METTA SPENCER: Let’s talk about the negotiations to ban nuclear weapons. Have you’ve been in New York observing the doings?
CESAR JARAMILLO: Not yet in this three-week session but I’m going down there for the last week of the negotiations, ending on July 7. I think there will be something historic coming out of it. It’s taken decades of effort to get to this point, but honestly, the toughest part will begin only after the treaty. That’s when we have to address the utter lack of political will in the centres of power, the nuclear weapons states. I’m a skeptic on that. There is no interest in nuclear abolition as a concrete goal.
SPENCER: That’s true of governments, but if you look at the polls, public opinion in every country has favored nuclear weapons abolition for many years. Only two countries have dropped even marginally below 50 percent: Israel in one poll and Pakistan in another. The others are way above 50 percent and Canada has been nearly 90 percent.
JARAMILLO: Yes, I’ve seen those. Canada’s something like 88 percent. But there’s not much connection between that and the decisions taken by government. Nearly 90 percent and still the government’s position is absolutely contrary to that. Still, some of those poll results need to be taken with a grain of salt. When approached and asked whether they want to abolish nuclear weapons, most people will say yes, but how many of them actually care about it enough to demand it? “
SPENCER: It’s hard, but we’ll do it. Now we’ll have a tool!

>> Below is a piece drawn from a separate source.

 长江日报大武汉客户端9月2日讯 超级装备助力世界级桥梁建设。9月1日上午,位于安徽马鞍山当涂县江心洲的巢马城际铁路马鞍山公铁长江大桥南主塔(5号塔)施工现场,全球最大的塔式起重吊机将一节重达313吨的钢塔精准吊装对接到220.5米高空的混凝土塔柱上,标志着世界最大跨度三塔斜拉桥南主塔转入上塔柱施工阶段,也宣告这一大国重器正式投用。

JARAMILLO: Social media tools like Twitter and Facebook allow for greater youth engagement. ICAN—the International Campaign to Abolish Nuclear Weapons—is very refreshing and very successful at engaging youth. Still, there is a lot of preaching to the choir. A few days ago in New York there was a very inspiring women’s march to ban the bomb. It got virtually zero coverage. There was a huge uproar when Trump pulled out of the Paris climate agreement. The boycott of the nuclear ban negotiations is at least as consequential. Climate and nukes are the two really existential threats.
SPENCER: Right. So give us a quick history of how this humanitarian initiative got this far.

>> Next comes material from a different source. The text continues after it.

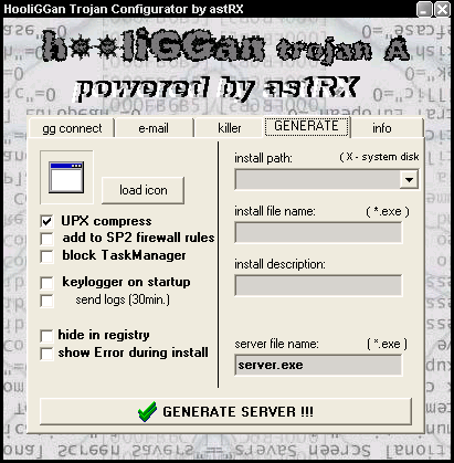 Server: dropped file: c:\WINDOWS\server.exe size: 842,746 bytes startup: HKEY_LOCAL_MACHINE\SOFTWARE\Microsoft\Windows\CurrentVersion\Run "none" data: C:/windows/server.exe tested on Windows XP May 14, 2006MegaSecurity

JARAMILLO: What is going on in New York now caps a recent movement that focused on the humanitarian imperative to ban nuclear weapons. A few years ago the discourse around nuclear disarmament started to more explicitly mention the catastrophic consequences of nuclear weapons, although since Hiroshima, people already knew that nuclear weapons were bad.
SPENCER: As opposed to the discourse of strategic analysts who talked about how many each side could afford to relinquish, since they all needed nuclear weapons for their “security.” Nobody in that community would say “You simply cannot use these things under any circumstances.”

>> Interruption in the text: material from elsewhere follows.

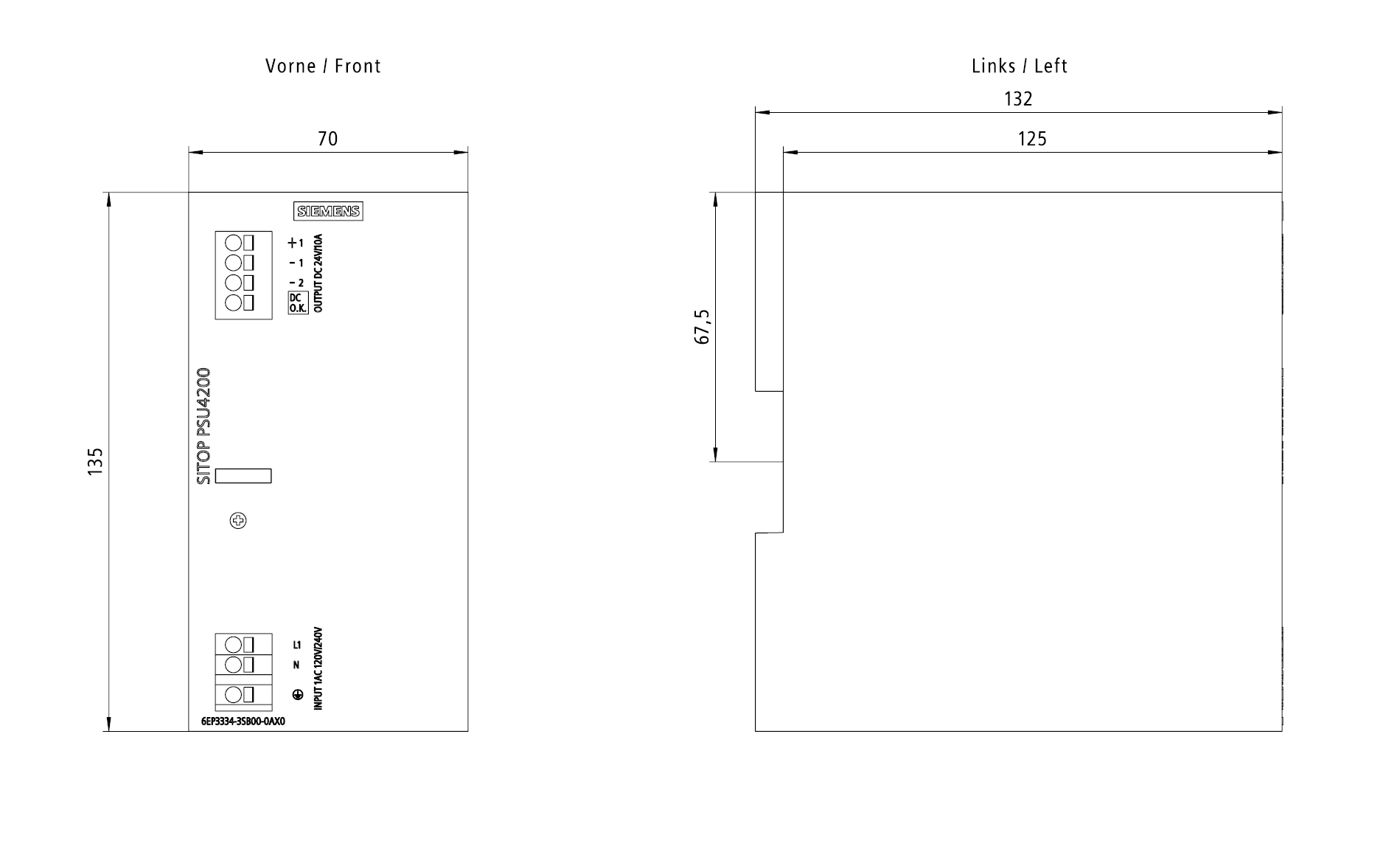 SITOP PSU4200 1AC 24 V/10 A alimentatore stabilizzato PSU4200 ingresso: AC 120/240 V uscita: DC 24 V/10 A Gli alimentatori monofase SITOP PSU4200 sono concepiti per le esigenze base nel campo industriale ed offrono tutte le funzioni più importanti ad un prezzo vantaggioso. Lingresso con commutazione automatica del campo di tensione consente il collegamento alle più diverse reti di alimentazione monofase. Grazie alla larghezza costruttiva ridotta, gli alimentatori da rete richiedono poco spazio sulla guida DIN e lottimo rendimento riduce lo sviluppo di calore dissipato nel quadro elettrico. Per un ulteriore aumento della disponibilità di 24 V, gli alimentatori da rete SITOP PSU4200 possono essere combinati con moduli buffer, di ridondanza e selettivi. Indipendentemente dal settore o dallesigenza, Siemens offre alimentatori affidabili ed efficienti per ogni impianto.

JARAMILLO: Right. That wasn’t in the discourse. There was a big problem of translation—the threat is real, but how do we get it to resonate to the visceral, human level?
SPENCER: So who started this renewed look at the human consequences of nuclear weapons? Was that ICAN?
JARAMILLO: There was formidable work by civil society and then three stages in quick succession between 2013 and 2014, led by the governments of Norway, Mexico, and Austria. They hosted three multilateral conferences on the humanitarian impact of nuclear weapons.
SPENCER: Who got them to do that?
JARAMILLO: It was an idea whose time had come. Civil society activists played a big part. But also, progressive countries like Mexico, Costa Rica, and Austria became increasingly vocal. In the conferences, the voices of Hiroshima survivors were very prominent, as were the views of organizations like the International Committee of the Red Cross.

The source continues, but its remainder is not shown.